* **Entries supplied**
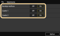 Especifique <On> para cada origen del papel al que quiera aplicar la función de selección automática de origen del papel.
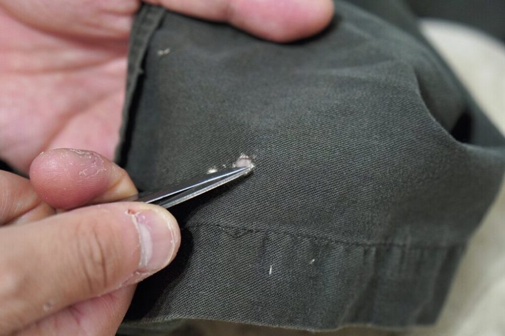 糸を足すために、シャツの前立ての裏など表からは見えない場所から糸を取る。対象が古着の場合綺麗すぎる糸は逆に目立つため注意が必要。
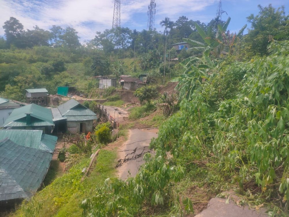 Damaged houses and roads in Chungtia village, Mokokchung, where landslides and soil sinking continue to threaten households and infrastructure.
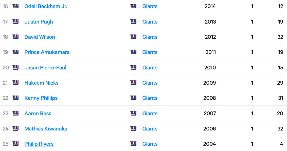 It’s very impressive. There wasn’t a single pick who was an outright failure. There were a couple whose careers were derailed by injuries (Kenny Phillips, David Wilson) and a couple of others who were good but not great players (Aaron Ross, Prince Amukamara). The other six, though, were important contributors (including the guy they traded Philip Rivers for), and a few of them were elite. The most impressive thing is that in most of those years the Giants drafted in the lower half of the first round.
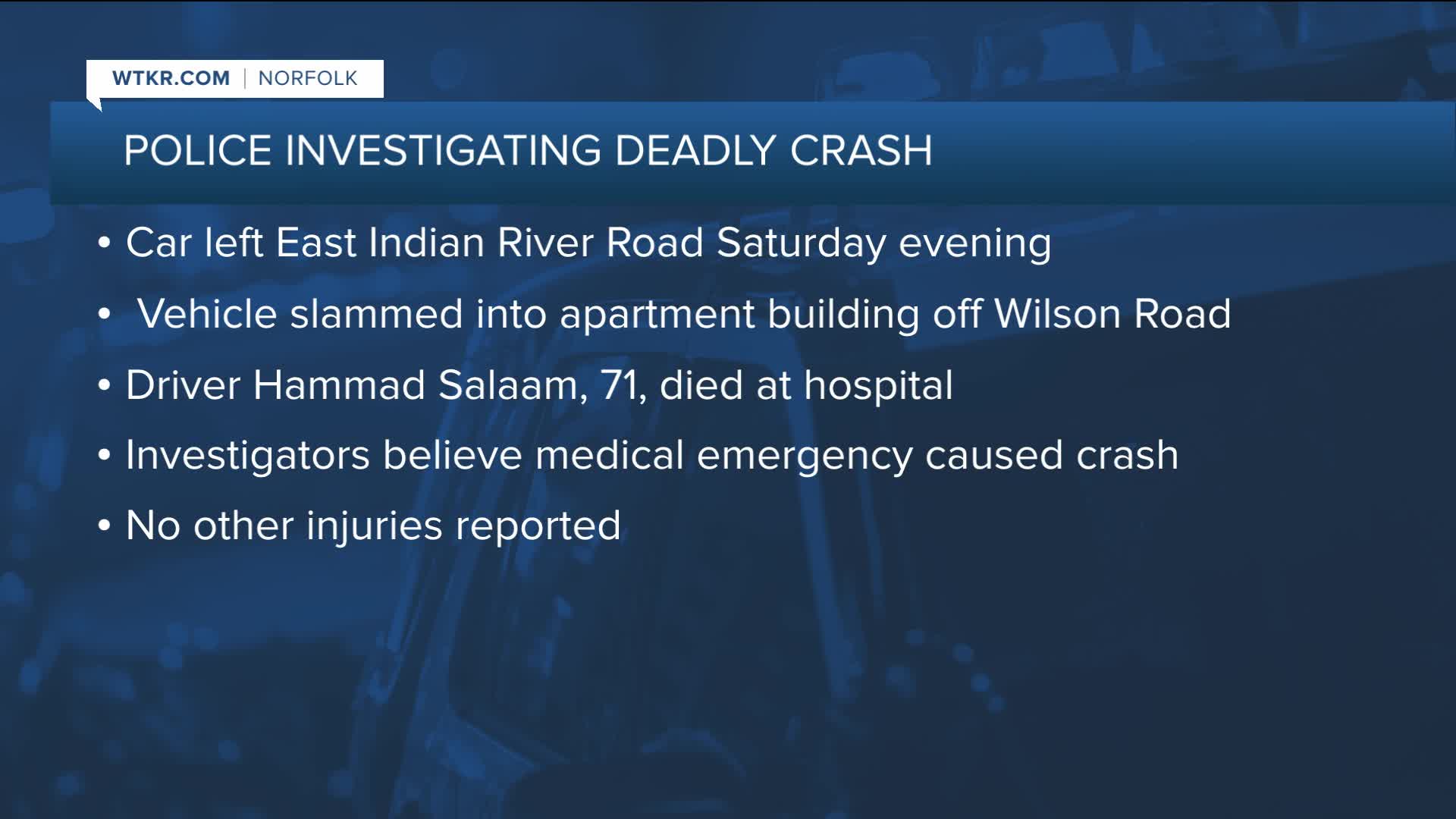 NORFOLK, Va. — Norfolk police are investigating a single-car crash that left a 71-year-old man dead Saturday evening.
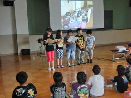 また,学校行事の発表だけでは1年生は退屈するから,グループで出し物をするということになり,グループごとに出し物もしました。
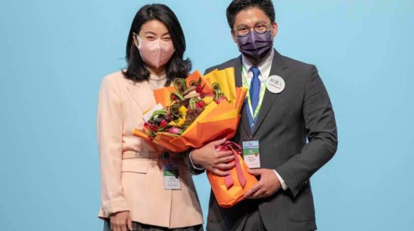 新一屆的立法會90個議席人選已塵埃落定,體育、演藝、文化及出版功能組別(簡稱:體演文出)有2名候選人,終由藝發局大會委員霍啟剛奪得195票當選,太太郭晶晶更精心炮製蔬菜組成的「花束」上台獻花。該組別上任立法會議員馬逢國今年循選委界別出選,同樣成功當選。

---

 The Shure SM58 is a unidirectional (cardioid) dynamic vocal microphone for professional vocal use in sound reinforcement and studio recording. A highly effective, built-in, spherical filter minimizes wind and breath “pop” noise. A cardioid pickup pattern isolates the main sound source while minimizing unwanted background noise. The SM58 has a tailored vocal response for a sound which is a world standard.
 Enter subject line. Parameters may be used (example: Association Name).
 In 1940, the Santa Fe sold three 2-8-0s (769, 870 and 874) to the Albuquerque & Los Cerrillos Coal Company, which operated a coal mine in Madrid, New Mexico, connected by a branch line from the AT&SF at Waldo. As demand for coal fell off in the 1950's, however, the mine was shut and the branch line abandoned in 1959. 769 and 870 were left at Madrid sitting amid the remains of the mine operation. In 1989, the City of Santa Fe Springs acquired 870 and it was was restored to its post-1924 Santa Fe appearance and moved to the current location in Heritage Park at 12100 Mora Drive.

--

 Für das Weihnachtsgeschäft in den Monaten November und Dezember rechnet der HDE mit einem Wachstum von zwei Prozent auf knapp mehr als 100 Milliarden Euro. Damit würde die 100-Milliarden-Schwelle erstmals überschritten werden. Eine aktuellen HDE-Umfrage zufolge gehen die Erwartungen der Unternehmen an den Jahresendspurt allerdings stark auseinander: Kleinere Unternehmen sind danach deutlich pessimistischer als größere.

* **Problem**
Look above for the line with "Especifique <On> para", then give again exactly every line from there through the line with "新一屆的立法會90個議席人選", skipping the pictures.

* **Output for this task**
 Especifique <On> para cada origen del papel al que quiera aplicar la función de selección automática de origen del papel.
 糸を足すために、シャツの前立ての裏など表からは見えない場所から糸を取る。対象が古着の場合綺麗すぎる糸は逆に目立つため注意が必要。
 Damaged houses and roads in Chungtia village, Mokokchung, where landslides and soil sinking continue to threaten households and infrastructure.
 It’s very impressive. There wasn’t a single pick who was an outright failure. There were a couple whose careers were derailed by injuries (Kenny Phillips, David Wilson) and a couple of others who were good but not great players (Aaron Ross, Prince Amukamara). The other six, though, were important contributors (including the guy they traded Philip Rivers for), and a few of them were elite. The most impressive thing is that in most of those years the Giants drafted in the lower half of the first round.
 NORFOLK, Va. — Norfolk police are investigating a single-car crash that left a 71-year-old man dead Saturday evening.
 また,学校行事の発表だけでは1年生は退屈するから,グループで出し物をするということになり,グループごとに出し物もしました。
 新一屆的立法會90個議席人選已塵埃落定,體育、演藝、文化及出版功能組別(簡稱:體演文出)有2名候選人,終由藝發局大會委員霍啟剛奪得195票當選,太太郭晶晶更精心炮製蔬菜組成的「花束」上台獻花。該組別上任立法會議員馬逢國今年循選委界別出選,同樣成功當選。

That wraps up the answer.